Beyond torch.median: Alternative Approaches for Median Calculation in PyTorch


Purpose

  • The median is the "middle" value when the data is sorted in ascending order.
  • Calculates the median value(s) along a specified dimension of a PyTorch tensor.

Behavior

  • Returns a namedtuple containing two elements:
    • values: A tensor containing the median value(s) for each row (along dim).
    • indices: A tensor containing the index(es) of the median element(s) for each row (along dim).
  • Takes an optional dim argument (defaulting to 0) that specifies the dimension along which to compute the median.
  • Operates on a single tensor input.

Example

import torch

# Create a sample tensor
data = torch.tensor([[1, 7, 3], [4, 5, 6], [2, 8, 9]])

# Calculate median along the first dimension (rows)
medians, indices = torch.median(data, dim=0)

print(medians)  # tensor([3., 6., 7.])
print(indices)  # tensor([1, 1, 0])
  • indices contains the index of the median element in each row: [1, 1, 0]. For example, in the first row [1, 7, 3], the median is 3, which is at index 1.
  • medians contains the median for each row: [3, 6, 7].
  • torch.median is generally less performant than vectorized operations like sorting and slicing, especially for large tensors. Consider alternative approaches for performance-critical scenarios.
  • If input contains NaN values (Not a Number), use torch.nanmedian instead, which excludes NaNs from the calculation.
  • For tensors with an even number of elements along the specified dimension, torch.median returns the lower of the two middle values.


Calculating Median of the Entire Tensor

import torch

# Create a sample tensor
data = torch.tensor([3, 1, 4, 1, 5])

# Calculate median without specifying a dimension (across all elements)
median = torch.median(data)

print(median)  # tensor(3.)

In this case, dim is omitted (or set to None), so the median is calculated across all elements, resulting in a single value (3).

Calculating Median Along Multiple Dimensions

import torch

# Create a 3D sample tensor
data = torch.arange(24).reshape(2, 3, 4)

# Calculate median along the second dimension (columns)
medians, indices = torch.median(data, dim=1)

print(medians.shape)  # torch.Size([2, 4])
print(indices.shape)   # torch.Size([2, 4])

# Now medians and indices contain values for each row (across columns)

This example calculates the median along columns (dimension 1). medians and indices will have the same shape ([2, 4]), with medians for each row (across columns) and corresponding indices.

import torch

data = torch.tensor([[1, 7, 3], [4, 5, 6]])

# Calculate median along the first dimension, keeping the dimension
medians, indices = torch.median(data, dim=0, keepdim=True)

print(medians.shape)  # torch.Size([1, 3])
print(indices.shape)   # torch.Size([1, 3])


torch.quantile for Median with More Control

  • You can specify the desired quantile (between 0 and 1) to calculate other percentiles as well.
  • This offers more control over handling edge cases like even-numbered elements.
  • Use torch.quantile with q=0.5 to calculate the median.
import torch

data = torch.tensor([1, 7, 3])

# Calculate median using quantile
median = torch.quantile(data, q=0.5)

print(median)  # tensor(3.)

Custom Median Function (For Specific Use Cases)

  • This might be useful for handling specific edge cases or incorporating additional logic.
  • If you need more customization or control over median calculation, consider writing a custom function.

Sorting and Slicing (Performance-Critical Scenarios)

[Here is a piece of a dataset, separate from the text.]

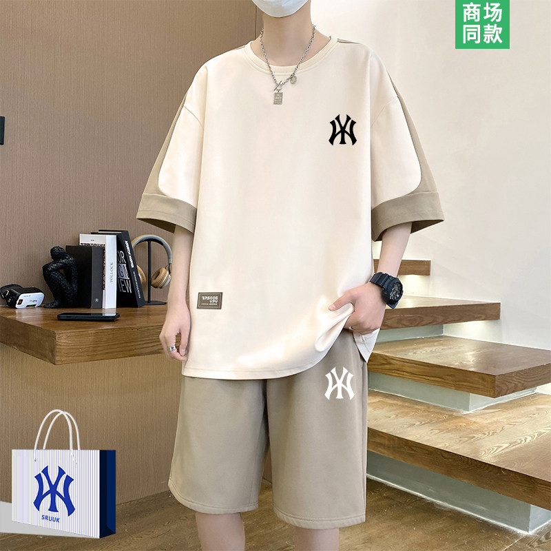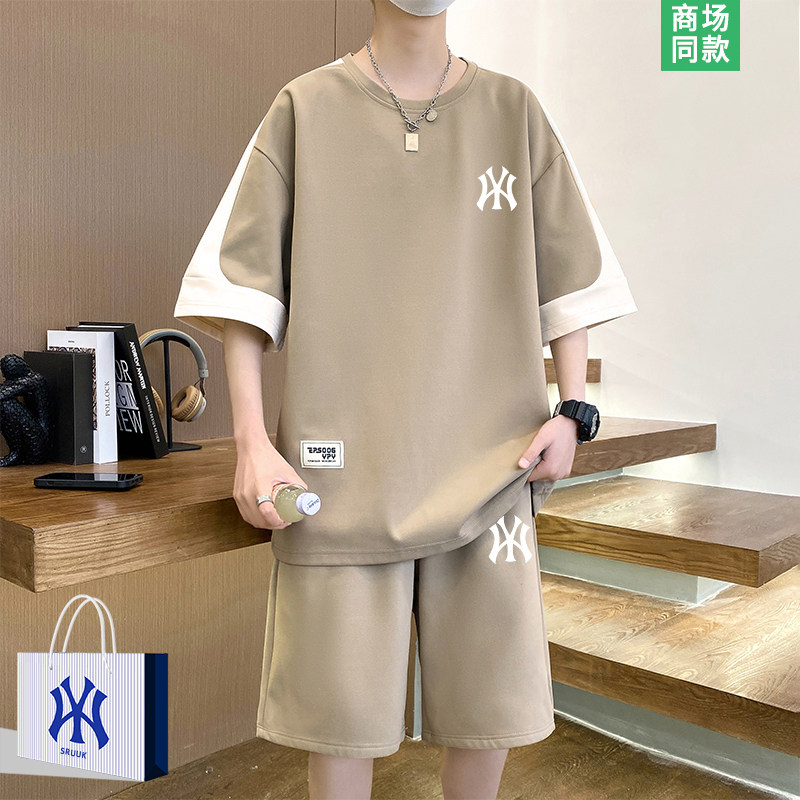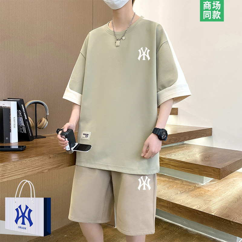 撞色短袖运动套装男士潮牌

  • This can be more efficient than torch.median in some cases. However, it requires more manual steps.
  • For very large tensors where performance is crucial, consider using vectorized operations like sorting and slicing.
import torch

data = torch.randn(10000)

# Calculate median using sorting and slicing (manual approach)
sorted_data, _ = torch.sort(data, dim=0)
median_index = sorted_data.shape[0] // 2
median = sorted_data[median_index]

# This approach might be faster for large tensors but requires more steps
  • For very large tensors and performance-critical scenarios, explore vectorized operations like sorting and slicing, but be aware of the additional manual steps involved.
  • Consider a custom function if you have specific requirements or logic to incorporate.
  • Use torch.quantile if you need more control over handling even-numbered elements or want to calculate other percentiles.
  • If you need basic median calculation and performance isn't a major concern, torch.median is a good choice.